The presence of gold nanoparticles (AuNPs) at the protein/electrode interface has a significant impact on the electrodic microenvironment, and allows the optimization of the activity catalysis as well as electrochemical properties. Here, we report a novel and accurate methodology to observe AuNP mediated electron transfer mechanism from Cytochrome c (Cyt c) to a polycrystalline gold surface. Poly(allylamine hydrochloride) molecules (PAH) were used as spacers between Cyt c and the electrode surface, and the electron rate constant within the PAH layer was measured in the presence and absence of AuNPs. Based on cyclic voltammetric experiments and Marcus theory, a four-fold increase in the electron rate constant was observed in the presence of AuNPs, and the reorganization energy was estimated to be 0.49 eV. Furthermore, AuNPs decreased the effective distance between the redox center of Cyt c and the electrode surface by 20%. These results suggest that the electron transfer properties of Cyt c based protein electrodes are significantly enhanced in the presence of the AuNPs.

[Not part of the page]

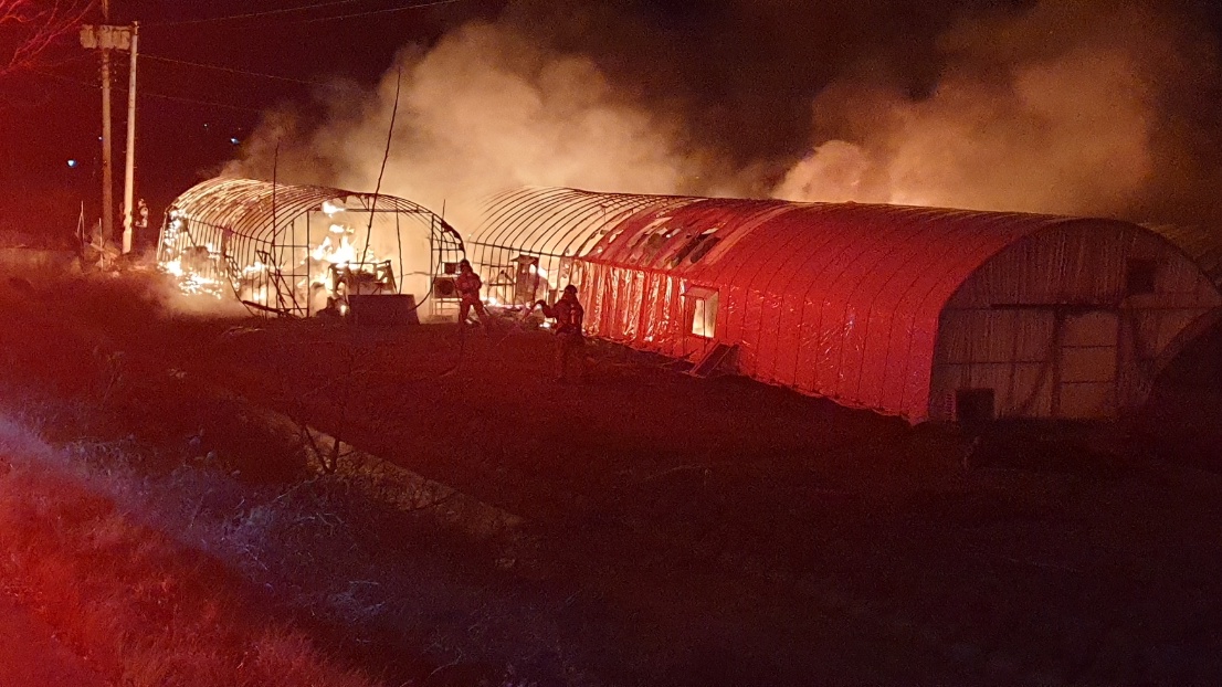 경북 상주 비닐하우스 화재···비닐하우스 3동 불에 타

Biofuel Cells: Bioelectrochemistry Applied to the Generation of Green Electricity

Several studies published in the last decade have pointed to the use of enzymes and microorganisms in biocatalytic reactions to generate electricity. Enzymes and living organisms can be used in modified electrodes to build the so-called biofuel cells (BFCs). However, a deep understanding of the structure and biocatalytic properties after enzyme immobilization is still lacking because they are immobilized in the solid state and outside of their natural environment. Thus, based on biological molecules and nanostructure materials applied to BFCs, these current topics shall be reviewed here, and prospects for future development in these areas will be presented as well. Moreover, immobilization methodologies and enzyme stability systems that result in BFCs will also be presented. Finally, BFC power density and catalyst support will be widely discussed in this book chapter.